Nx_datasets
Load common machine learning datasets and generate synthetic data for testing.
Overview
Nx_datasets provides two categories of data:
- Real datasets: Downloaded and cached locally (MNIST, CIFAR-10, Iris, etc.)
- Synthetic generators: Create data on-the-fly for testing (blobs, moons, regression problems)
Real datasets are automatically downloaded on first use and cached in your platform's cache directory.

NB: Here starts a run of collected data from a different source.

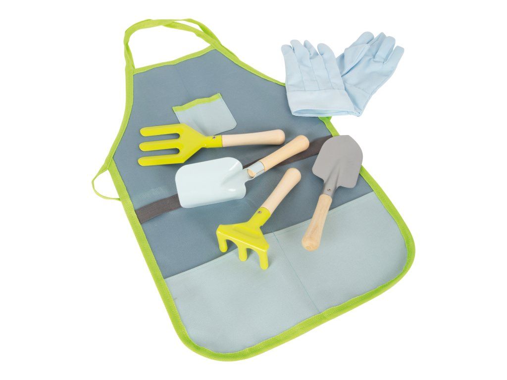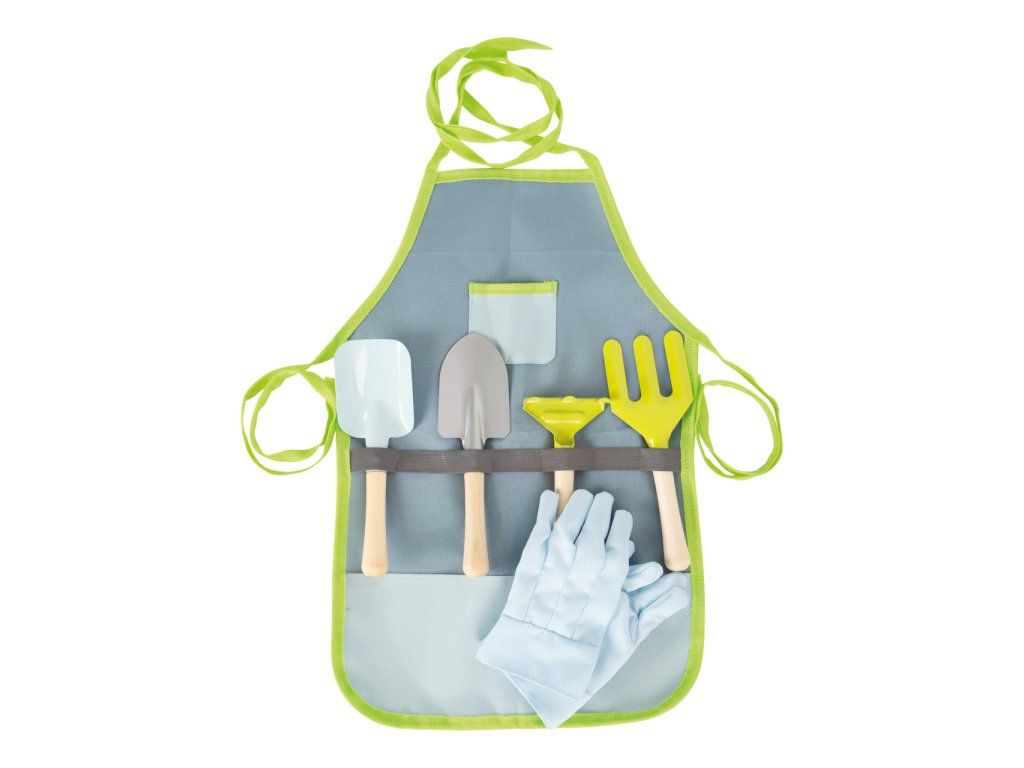 S touto praktickou sadou zahradních pomůcek, která se skládá ze zástěry pro děti s náprsními kapsami, zahradnických rukavic, čtyř malých zahradnických nástrojů (rýč, hrábě, lopata a vidle), budou mít děti vždy ten pravý nástroj po ruce! Záhradní nářadí z robustního kovu s dřevěnými rukojeťmi vhodnými pro děti. Tato zahradní zástěra v jednoduchých trendy barvách a rukavice chrání děti před nečistotami a poškozením oblečení. Je to absolutní nutnost pro všechny mladé zahradní fanoušky, kteří chtějí skutečně pomoci svým rodičům na zahradě! Zahradnické zástěry lze také použít jako kuchyňské zástěry či zástěry na malování! Ideální doplněk. Hlavní vlastnosti: ideální doplněk na zahraduzástěra, rukavice, 4 ks nářadíDoplňkové parametry
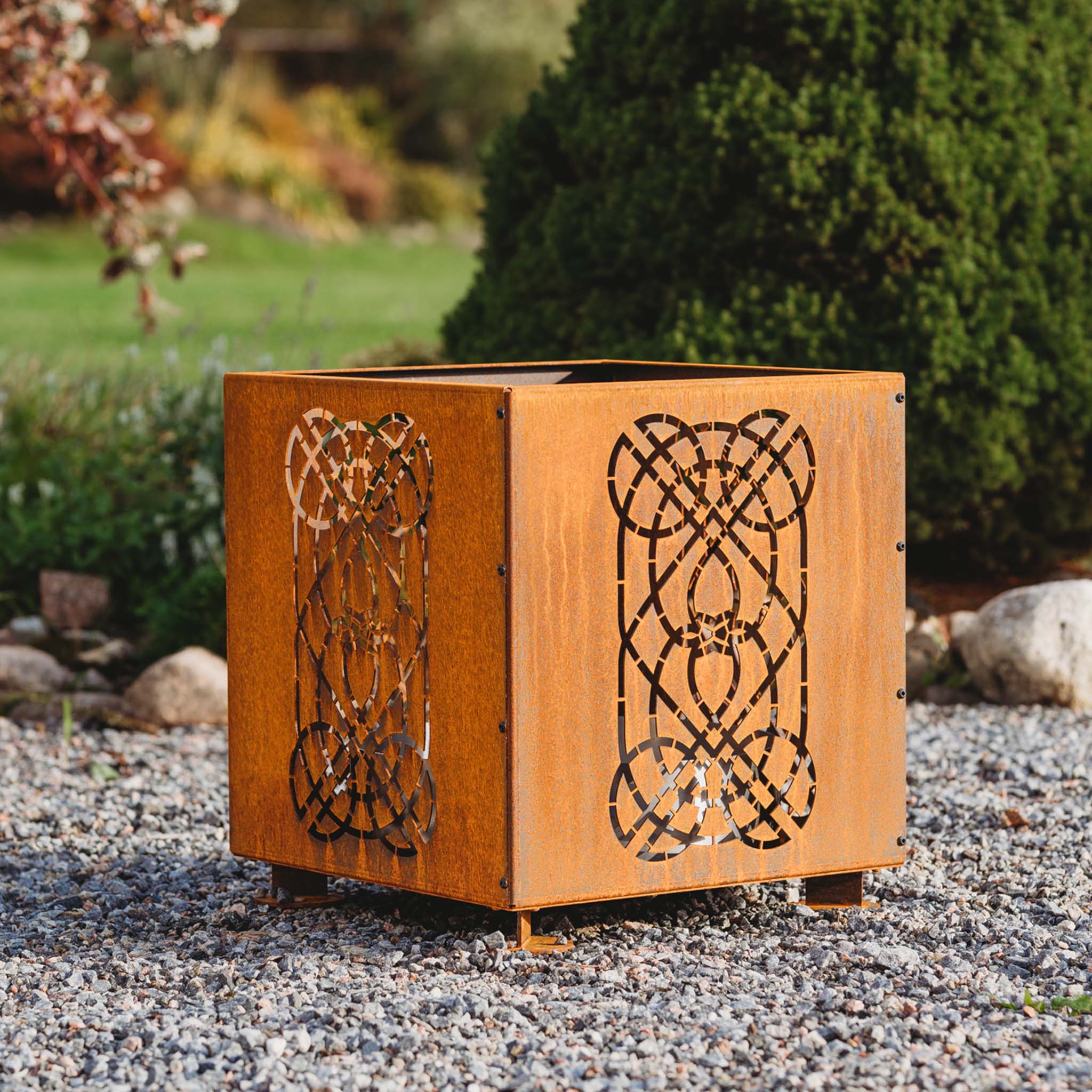 Nøgleordene for vores Laterna bålfad er kompakthed og skønhed. Enkle klare linjer kombineret med slidstærkt udendørsmateriale. Fremstillet af cortenstål, en type kulstofstål, der er bearbejdet for at opnå en beskyttende og vejrbestandig overflade. Overfladen er i begyndelsen grålig, men på grund af vejrforholdene bliver den rødbrun (svarende til rustfarven), som med tiden bliver mørkere.
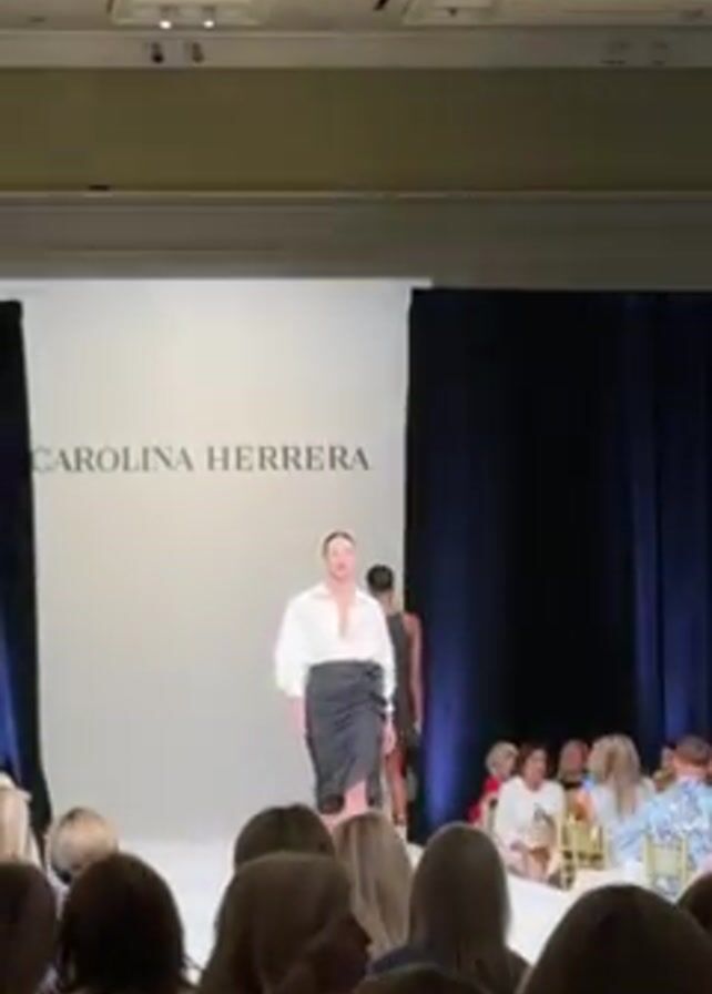 fashion show, with a model walking down the runway wearing a white blouse and a black skirt. Behind her, the name "CAROLINA HERRERA" is displayed on a white background. Another model, in a black dress, is walking behind. The audience, consisting mostly of women, is seated in the foreground. The runway is well-lit, and dark blue curtains are visible on the right side. The event is taking place indoors.
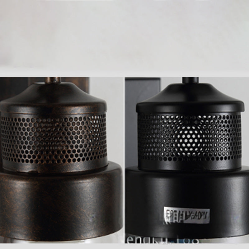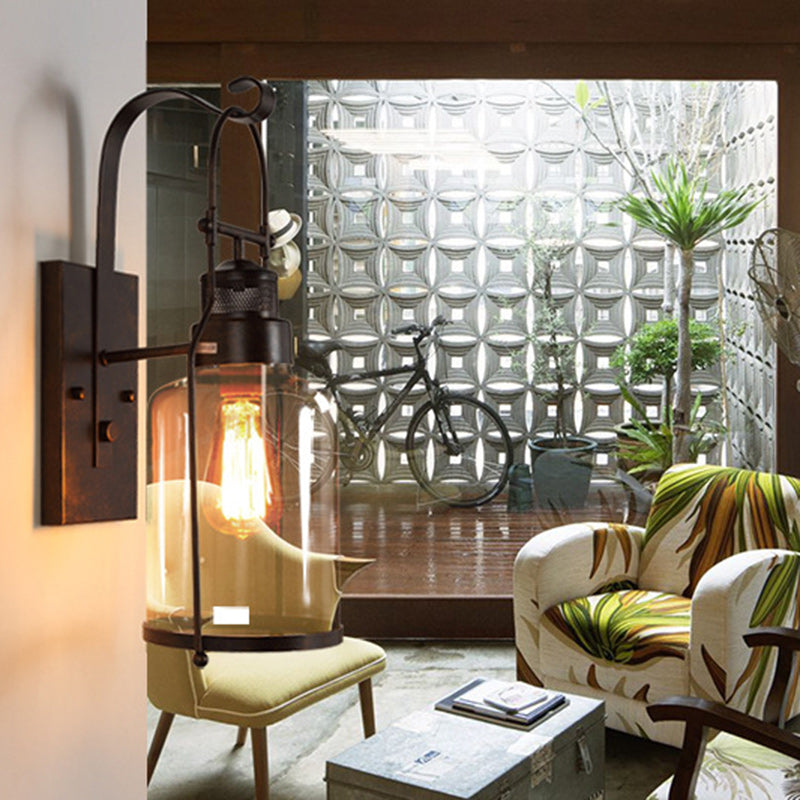 Traditional Colonial Kettle Shape Iron Glass 1-Light Wall Sconce Lamp For Living Room
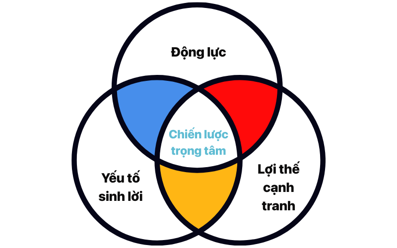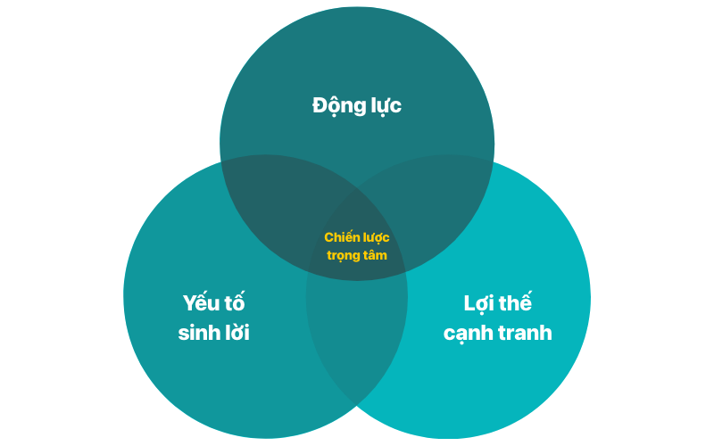 Trọng tâm chiến lược của doanh nghiệp nằm ở điểm giao của ba yếu tố: động lực nội tại, lợi thế cạnh tranh và khả năng sinh lợi. Đây là lĩnh vực mà doanh nghiệp nên ưu tiên tập trung nguồn lực để tạo ra hiệu quả và tăng trưởng bền vững.
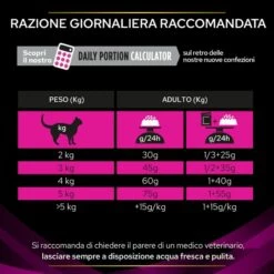 Razione giornaliera consigliata: vedi tabella illustrativa in gallery. Il periodo d’uso raccomandato è fino a 6 mesi. Si raccomanda di chiedere il parere di un medico veterinario prima dell’uso oppure prima di estendere il periodo di impiego. Lasciare sempre a disposizione acqua pulita e fresca. Disponibile anche in formato umido.
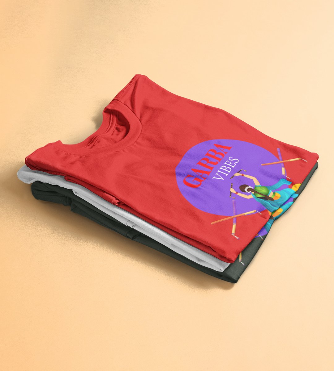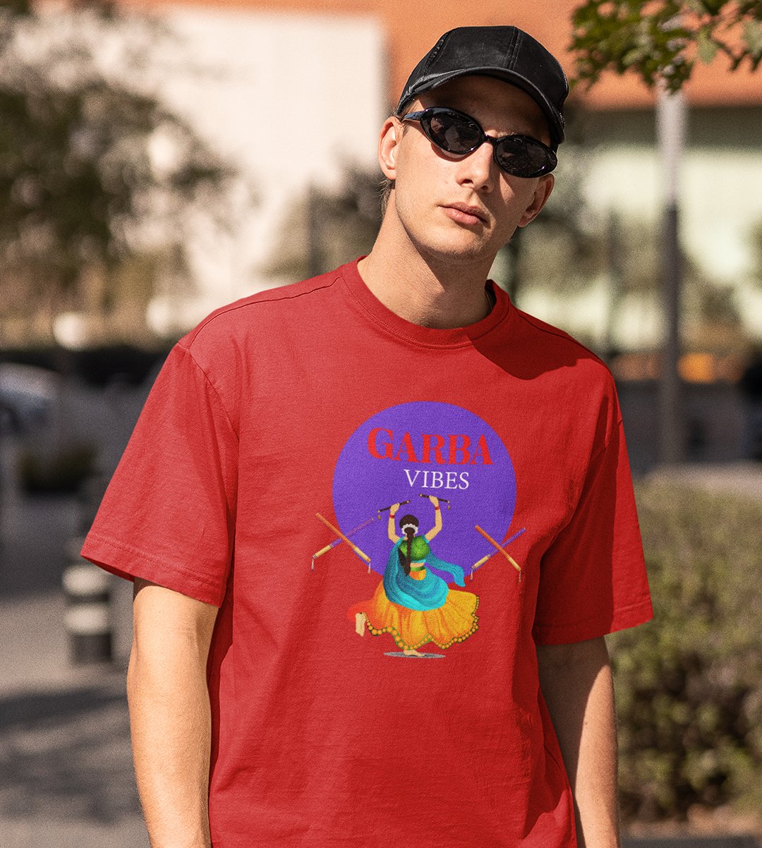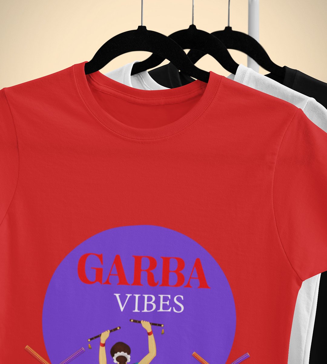 Garba vibes printed unisex adults round neck cotton half-sleeve red tshirt specially for Navratri festival/ Durga puja

Available Datasets Reference
Real Datasets
| Dataset | Function | Samples | Features | Task | 
|---|---|---|---|---|
| MNIST | load_mnist | 70,000 | 28×28×1 | Classification | 
| Fashion-MNIST | load_fashion_mnist | 70,000 | 28×28×1 | Classification | 
| CIFAR-10 | load_cifar10 | 60,000 | 32×32×3 | Classification | 
| Iris | load_iris | 150 | 4 | Classification | 
| Breast Cancer | load_breast_cancer | 569 | 30 | Classification | 
| Diabetes | load_diabetes | 442 | 10 | Regression | 
| California Housing | load_california_housing | 20,640 | 8 | Regression | 
| Airline Passengers | load_airline_passengers | 144 | 1 | Time Series | 
Synthetic Generators
| Generator | Function | Purpose | Parameters | 
|---|---|---|---|
| Gaussian Blobs | make_blobs | Clustering | centers, cluster_std | 
| Two Moons | make_moons | Non-linear classification | noise, n_samples | 
| Concentric Circles | make_circles | Non-linear classification | noise, factor | 
| Classification | make_classification | Controlled features | n_informative, n_redundant | 
| Regression | make_regression | Linear relationships | noise, n_features | 
| Friedman | make_friedman1/2/3 | Non-linear regression | - | 
| Swiss Roll | make_swiss_roll | Manifold learning | n_samples | 
| S-Curve | make_s_curve | Manifold learning | n_samples | 
Loading Real Datasets
Image Datasets
MNIST
Classic handwritten digits dataset:
let (x_train, y_train), (x_test, y_test) = Nx_datasets.load_mnist () in
Printf.printf "Train: %s, Test: %s\n" 
  (Nx.shape_to_string x_train) 
  (Nx.shape_to_string x_test)
(* Train: [60000, 28, 28, 1], Test: [10000, 28, 28, 1] *)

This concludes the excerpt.